TASK DETAILS: Would you give back exactly the lines from the line with "Journey back to" through the end of the entries below, both included, but none of the pictures?

MATERIAL FOR THE TASK:
# # #

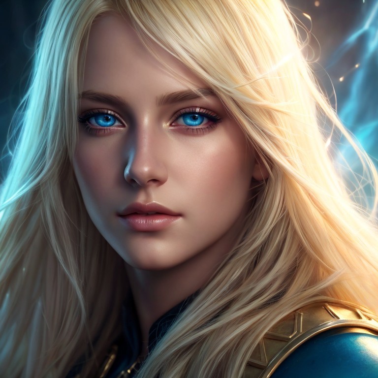 A digital portrait of an animated woman with striking blue eyes, blonde hair, and a hint of armor, set against a dynamic, glowing backdrop.
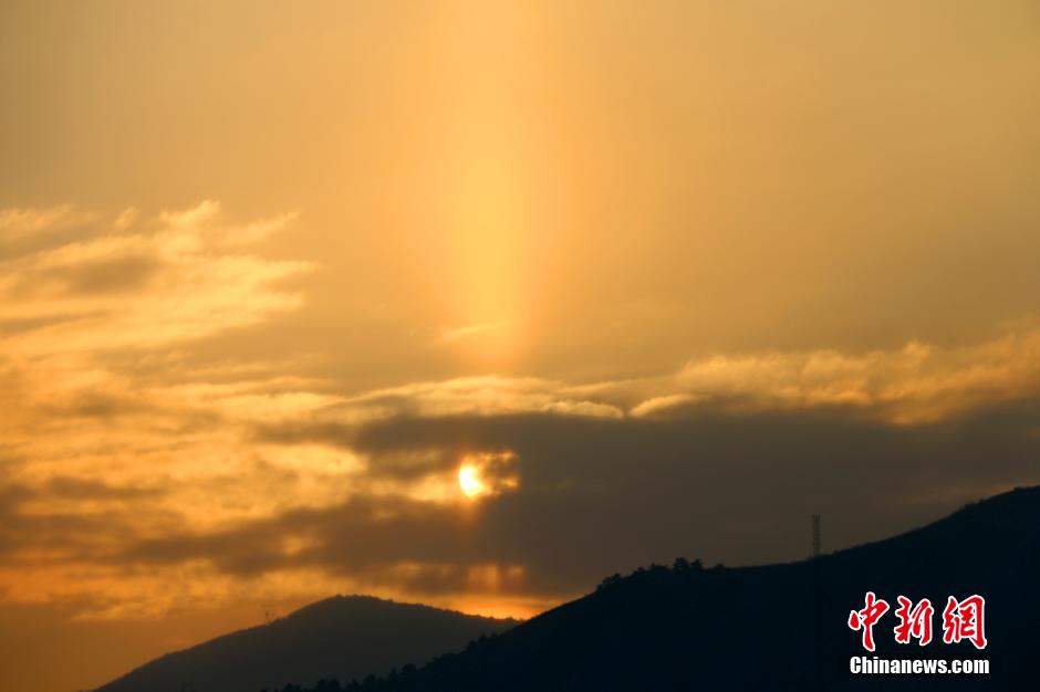 11月23日,河北省承德市连日几天的降雪之后,久违的太阳出来了。当日早间,承德市丰宁县实验中学教师李国权拍摄到一组太阳日出的图片,不同的是,当日的日出光晕呈现出火烛状,非常漂亮。李国权 摄
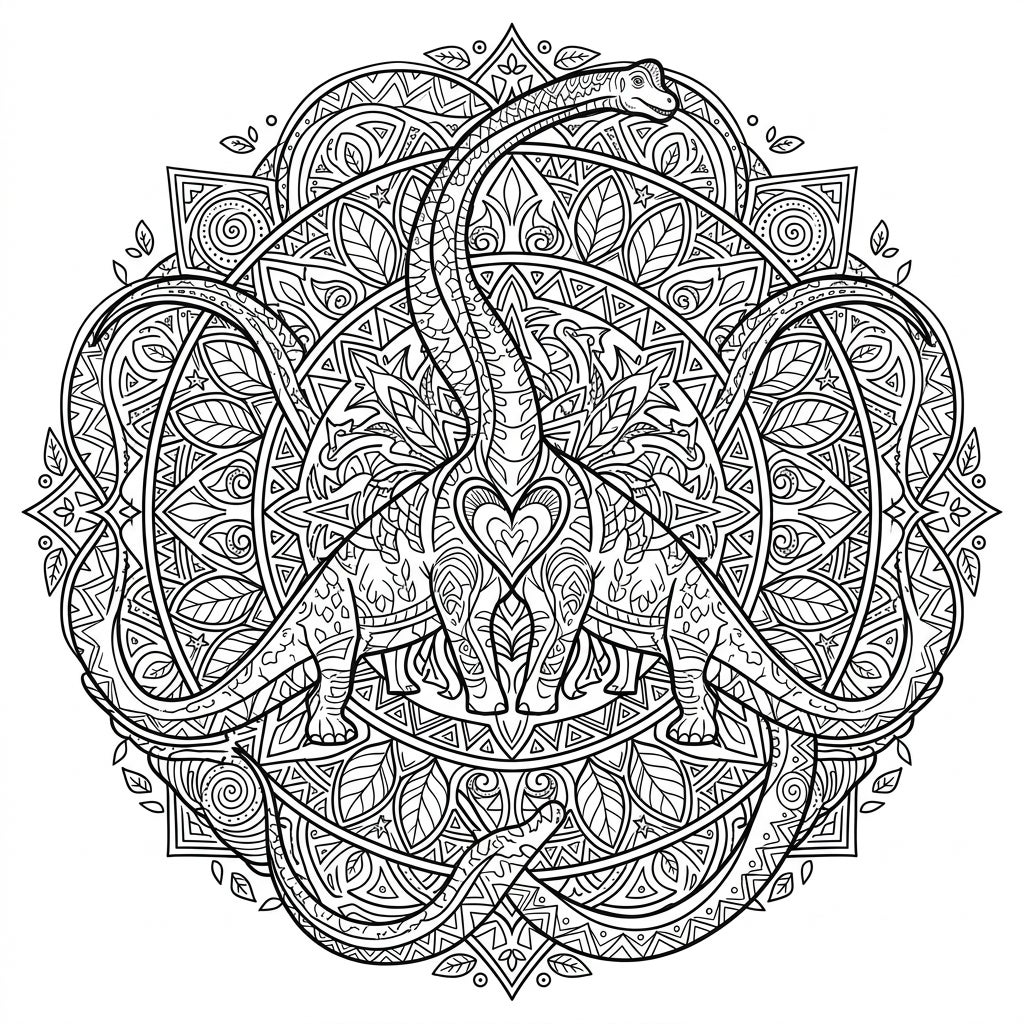 Journey back to the age of dinosaurs with our captivating Brachiosaurus Mandala coloring page. This extraordinary design intricately weaves the majestic, long-necked Brachiosaurus into a stunning radial mandala, creating a harmonious blend of prehistoric power and serene symmetry. Observe how the dinosaur's graceful form is adorned with elaborate patterns, including delicate leaves, swirling vines, and precise geometric motifs, all radiating from a central point, making every inch a discovery.
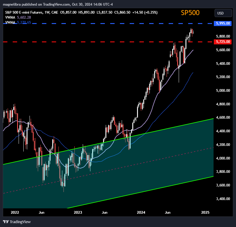 One futures chart we wanted to share is the SP500 Dec. future, last weeks bearish candle if confirmed this week, should set up the ultimate volatility structure for next weeks election. Usually these big time events have a way of shaping into maximum adult swim only moves and technically I have to say we are coiled and ready:
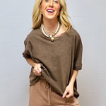 Our latest obsession has arrived in store! We're loving the coziness, wearability, and neutral tone. Match it with the lounge set for ultimate comfort and casual style, or pair it with denim and our She's A 10 Tennis Shoe for a trendy upgrade to your tee collection.
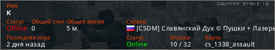 Играет на Counter Strike 1.6 сервере. Страна: РоссияПервый раз замечен 16:25 22.03.2026
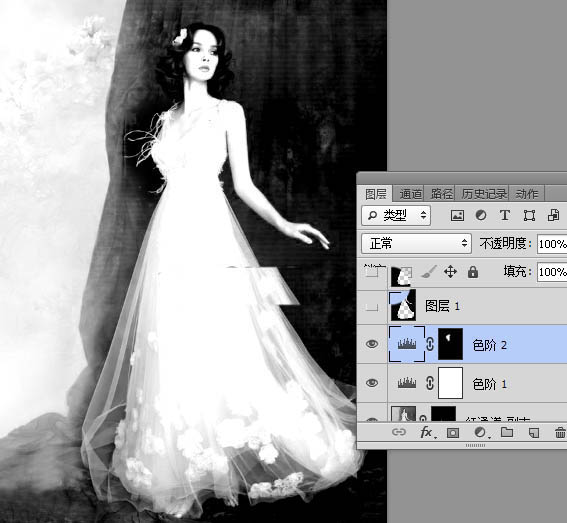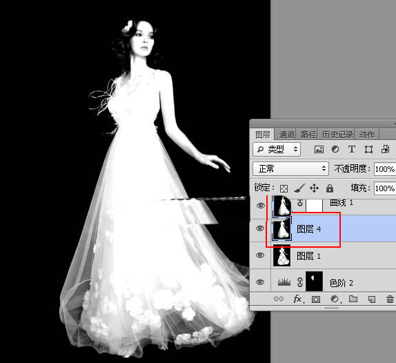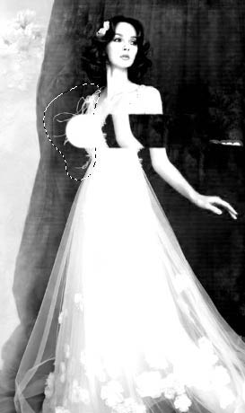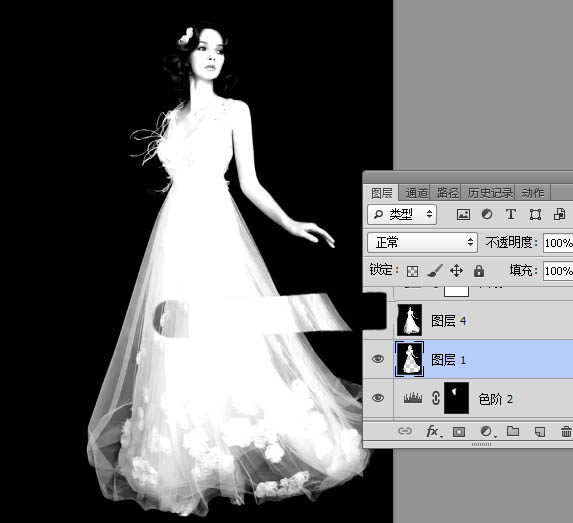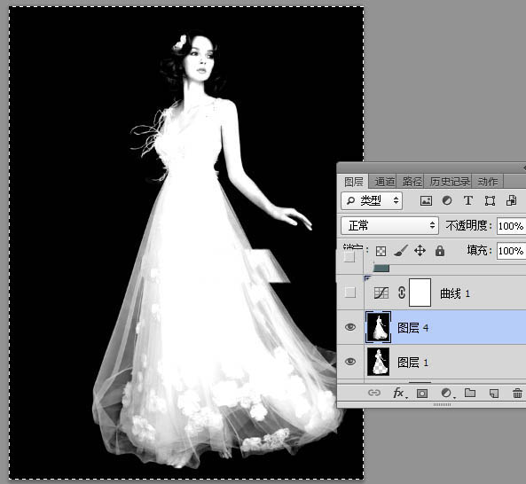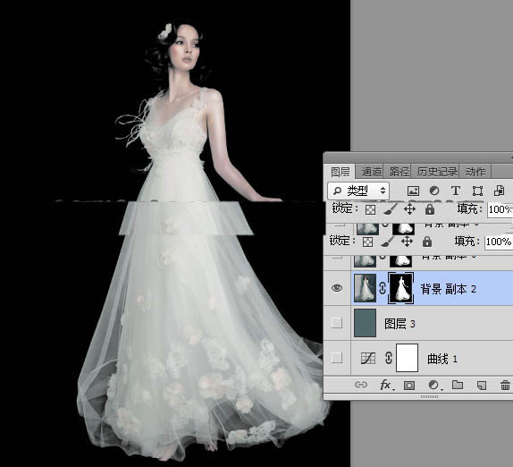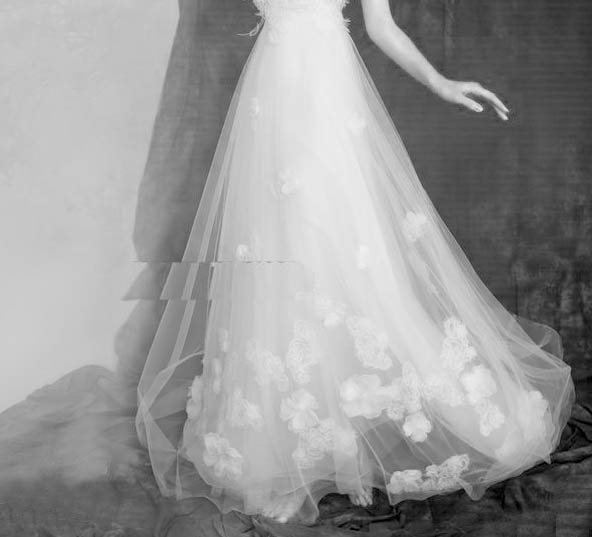 本文抠出分为两个部分。首先是婚纱裙子部分,这一部分相对要难一点,因为裙子边缘及底部区域都是半透明的,通道中处理的时候不能调得过亮;然后是头发部分,颜色比较暗,比较容易抠出。
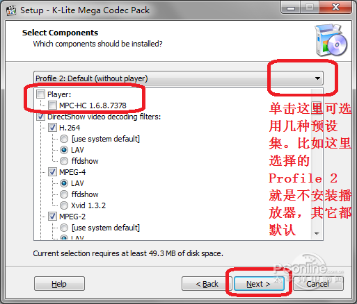 K-Lite Mega Codec Pack 选择安装位置 5、选择组件,如下图所示。MPC(Media Player Classic)是一个非常受欢迎的播放器,多平台支持。实际上看各自的习惯吧,根据你的需要决定是否要把图中红框所圈部分都取消选择 。默认是选中的。 其它的各个组件不用做修改,保持默认就行了,然后 Next > 进入下一步。
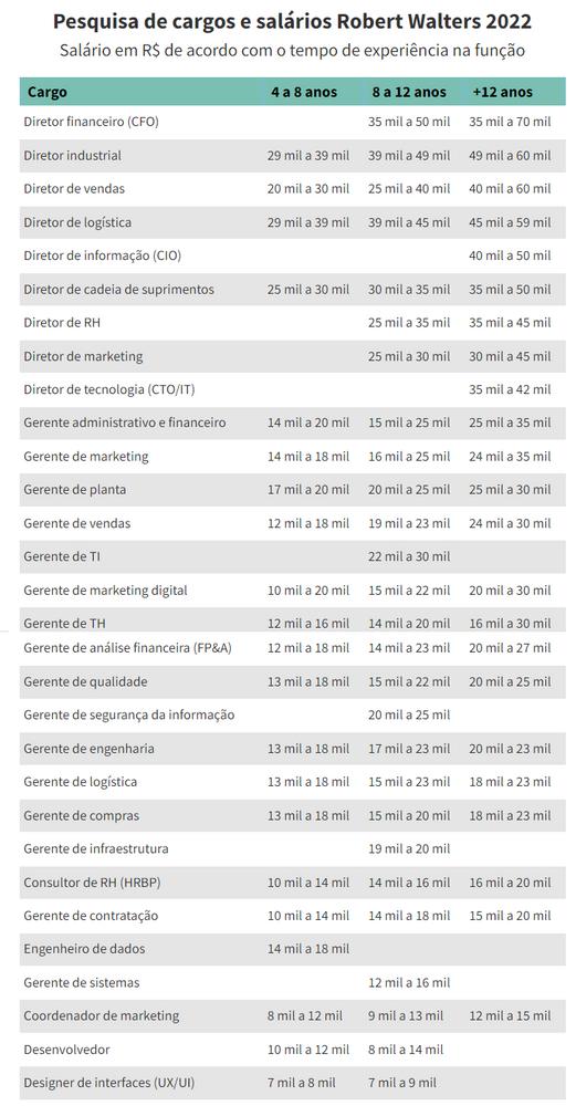 O salário inicial nas funções em alta para 2022 pode chegar a R$ 70 mil, como no caso de um diretor financeiro (CFO) experiente.
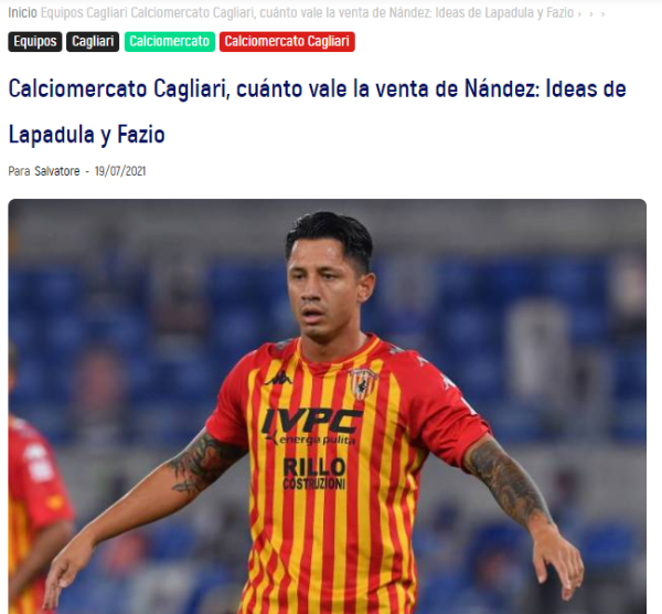 Según informa ‘Fantamaster’: “Si Cagliari se despidiera de Simeone, no se excluye que pueda evaluar una estocada real y concreta sobre Lapadula. Al delantero peruano le gusta el ‘rossoblù’, pero habrá que vencer a la competencia de cinco o seis equipos. Cuidado especialmente con Bologna, Udinese y Sampdoria”.
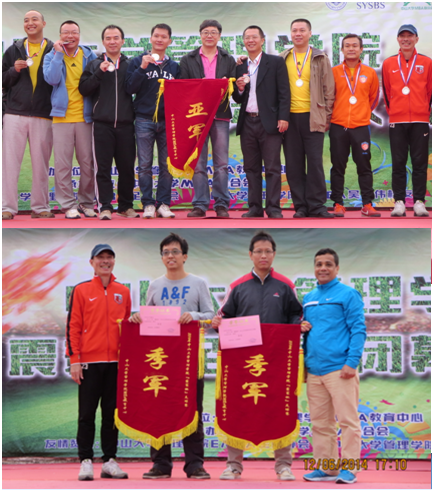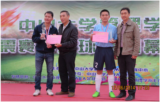 在获奖队员的热烈欢呼与庆祝合影中,2014年“震寰杯”中大管院足球赛圆满结束,明年精彩继续!
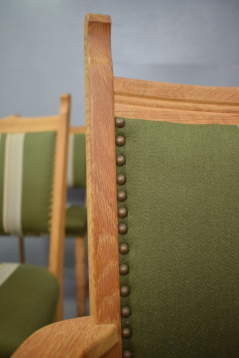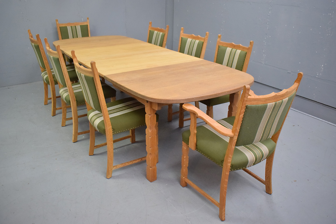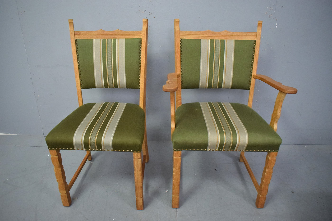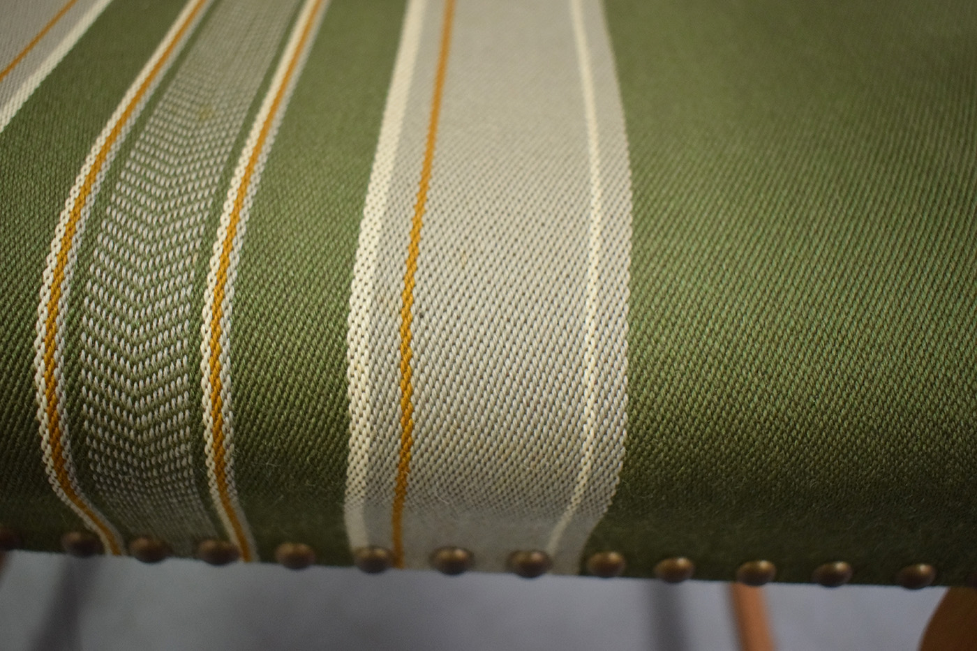 Classic Danish design set of 8 dining chairs, comprising of 2 carvers and 6 side chairs, with green striped wool upholstery.
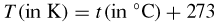 per cui, per esempio, 0 °C corrisponde a 273 K e 20 °C corrisponde a 293 K.
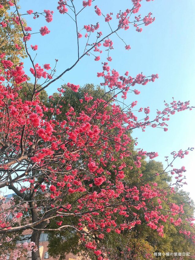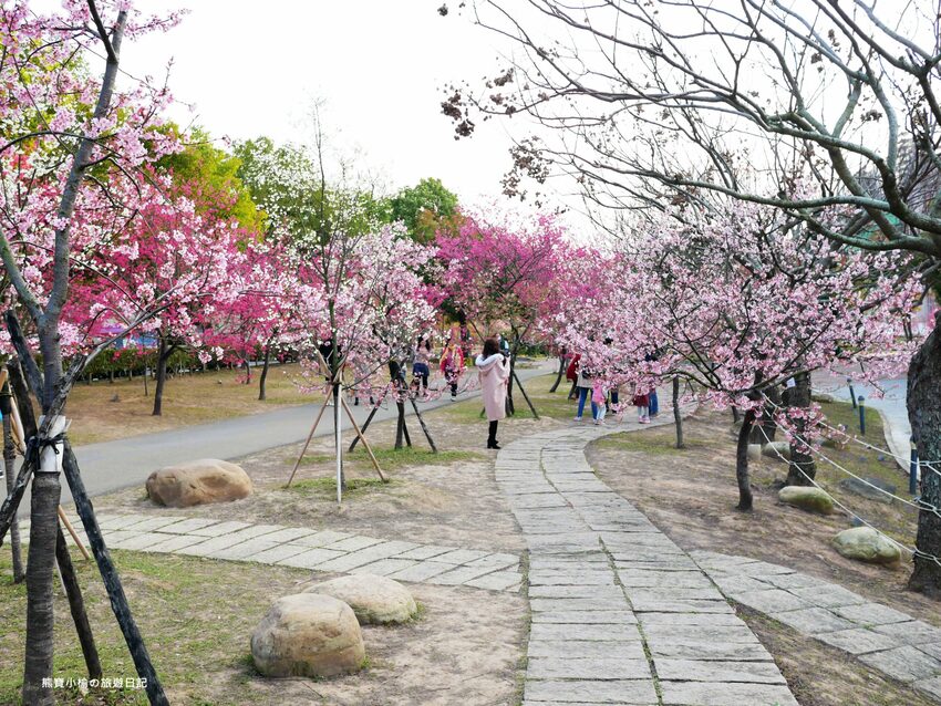 趁著春暖花開美好時光,熊寶小榆也來到台中后里的中科崴立櫻花公園賞櫻啦。
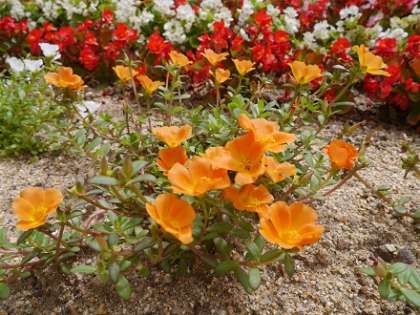 正門の横には管理作業員さんが育てている小さな花壇があります。ちょうど今はポーチュラカとベゴニアが可憐な花を咲かせています。ポーチュラカの花の柔らかなオレンジ色をながめていると、どこか優しい気持ちが満ちてきます。

# # #

WRITTEN RESPONSE:
 Journey back to the age of dinosaurs with our captivating Brachiosaurus Mandala coloring page. This extraordinary design intricately weaves the majestic, long-necked Brachiosaurus into a stunning radial mandala, creating a harmonious blend of prehistoric power and serene symmetry. Observe how the dinosaur's graceful form is adorned with elaborate patterns, including delicate leaves, swirling vines, and precise geometric motifs, all radiating from a central point, making every inch a discovery.
 One futures chart we wanted to share is the SP500 Dec. future, last weeks bearish candle if confirmed this week, should set up the ultimate volatility structure for next weeks election. Usually these big time events have a way of shaping into maximum adult swim only moves and technically I have to say we are coiled and ready:
 Our latest obsession has arrived in store! We're loving the coziness, wearability, and neutral tone. Match it with the lounge set for ultimate comfort and casual style, or pair it with denim and our She's A 10 Tennis Shoe for a trendy upgrade to your tee collection.
 Играет на Counter Strike 1.6 сервере. Страна: РоссияПервый раз замечен 16:25 22.03.2026
 本文抠出分为两个部分。首先是婚纱裙子部分,这一部分相对要难一点,因为裙子边缘及底部区域都是半透明的,通道中处理的时候不能调得过亮;然后是头发部分,颜色比较暗,比较容易抠出。
 K-Lite Mega Codec Pack 选择安装位置 5、选择组件,如下图所示。MPC(Media Player Classic)是一个非常受欢迎的播放器,多平台支持。实际上看各自的习惯吧,根据你的需要决定是否要把图中红框所圈部分都取消选择 。默认是选中的。 其它的各个组件不用做修改,保持默认就行了,然后 Next > 进入下一步。
 O salário inicial nas funções em alta para 2022 pode chegar a R$ 70 mil, como no caso de um diretor financeiro (CFO) experiente.
 Según informa ‘Fantamaster’: “Si Cagliari se despidiera de Simeone, no se excluye que pueda evaluar una estocada real y concreta sobre Lapadula. Al delantero peruano le gusta el ‘rossoblù’, pero habrá que vencer a la competencia de cinco o seis equipos. Cuidado especialmente con Bologna, Udinese y Sampdoria”.
 在获奖队员的热烈欢呼与庆祝合影中,2014年“震寰杯”中大管院足球赛圆满结束,明年精彩继续!
 Classic Danish design set of 8 dining chairs, comprising of 2 carvers and 6 side chairs, with green striped wool upholstery.
 per cui, per esempio, 0 °C corrisponde a 273 K e 20 °C corrisponde a 293 K.
 趁著春暖花開美好時光,熊寶小榆也來到台中后里的中科崴立櫻花公園賞櫻啦。
 正門の横には管理作業員さんが育てている小さな花壇があります。ちょうど今はポーチュラカとベゴニアが可憐な花を咲かせています。ポーチュラカの花の柔らかなオレンジ色をながめていると、どこか優しい気持ちが満ちてきます。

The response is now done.